齧ったみたチョコレートは頭が痛くなるくらいに甘ったるい。眩暈がするくらいに甘くて、少し焦げくさくて、だけど何もなかったかのように溶けていく。
舌の上のチョコレートみたいに、焼却炉に放り込まれた贈り物みたいに、いつかなくなっていくもの。膝元に転がしてたカカオの実だっていつか腐ってぼろぼろになって、土に紛れて消えてしまう。
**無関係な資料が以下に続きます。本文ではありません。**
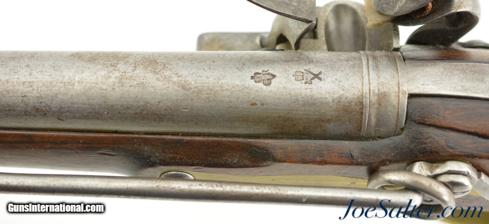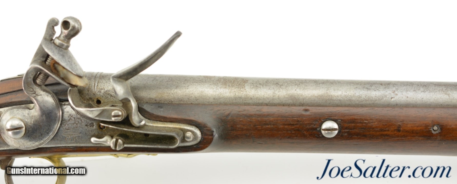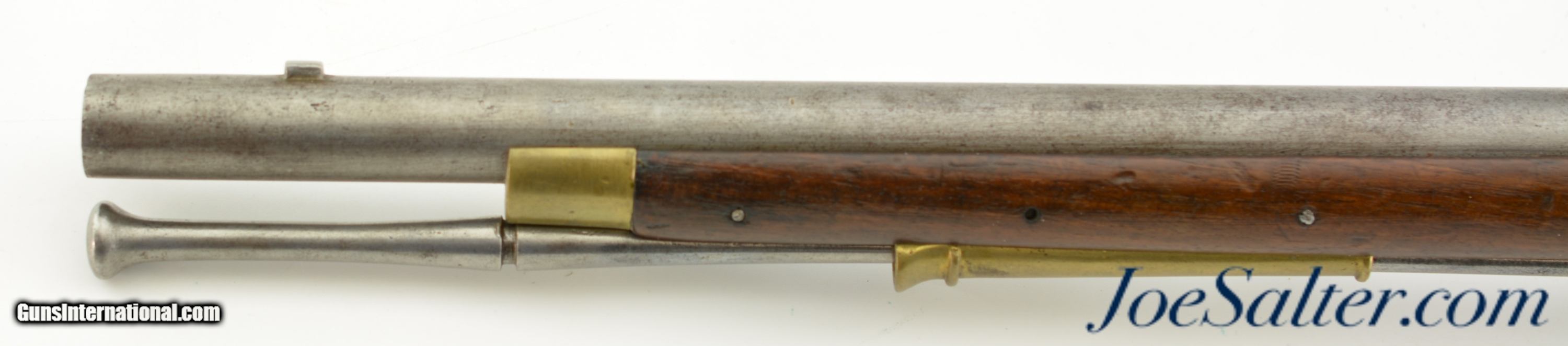 Description: NSN, .68 Caliber, 28" barrel with a very good, lightly pitted bore. This is a rare British carbine, originally born from a design made for the troops of the 15th Light Dragoons under George Augustus Eliott, 1st Baron Heathfield, and later Governor of Gibraltar during the Great Siege of 1779 & 1783. The carbine has a "Crown / GR" lock with "TOWER" at the rear point, as well as British military proofs on the barrel breech. The barrel and lock have an overall mottled pewter gray patina with moderate pitting around the touchhole, as well as on the edges of the pan. The walnut stock is in fine shape with scattered handling marks and minor blemishes throughout the old military oil finish. A small crown proof stamp is present on the right side of the butt, as well as a small rack number stamped into the comb just ahead of the buttplate tang: "41." The carbine has a correct steel ramrod, and the original sling bar and ring are still present. This is a splendid example of a rarely encountered late 18th & early 19th century British carbine, and is in fine-near excellent condition overall. Antique; SOLD Antique: Yes |

だから痛くないよ。あなたの深い傷跡より全然痛くない。甘いものに縋るくらい足りなくないし、海の底みたいな寂しさも知らない。だからあなたが貶しても全然、痛くない。
「ありがと、すっげー褒め言葉だ」
――この世の何よりもさ。付け加えた言葉と共にカカオの果皮に罅が入り、ひとりでに割れていく。分厚い皮に守られて、白い果肉を纏う種がごろごろと飛び出した。背後の人の舌打ちひとつで罅割れ、砕けていく果実。脆い精神。震える背中。
「でも俺さ、最近は先生のこと嫌いじゃないんだ。だからチョコで許してよ」
うるさい、と震える声は聞かないことにした。小さく丸まる背中に頭を預けて、ライチみたいな南国の匂いを放つ種を口に放り込んだ。匂い通り甘くて酸っぱくて、チョコレートに似つかぬ味が自分を包んでいる。
手渡したカカオパルプは宿主に戻ることは叶わなかった。ぽつんと響くのはチョコレートが割れる音だけ。重ねるように種を齧ってみると、馴染みのある香りと味が広がり、後を追うように痺れる苦味が味蕾を襲った。からからった罰だと言わんばかりの強い苦味も、嫌いになれない柑橘みたいな清涼感ある匂いも、何処かの誰かみたいだ。
例えば髪が長くて、毎年怪しいチョコを受け取ってまで甘いものを欲しがる自分の神様、みたいな。園貞春という人はそんなものによく似ていた。いつか思い知るんだ、彼は誰でもなくて、何にもなれない『園貞春』でしかないということを。
それでも自分は望んでいたのかもしれない。神様をいつまでも慕っていられたらと、願っていたのかもしれない。あわよくば彼もそうであったら、なんて。
「嫌いな方が楽だ」
「そうだね、じゃあそうしよう」
先生、いつか終わる日常なのに、嬉々たる想いを抱いた俺は赦されますか。飽和しきれない部屋で先に窒息するのは、どっちですか。でもどっちがくたばっても忘れてしまう俺たちは薄情で、でも本当は、俺は、あなたは。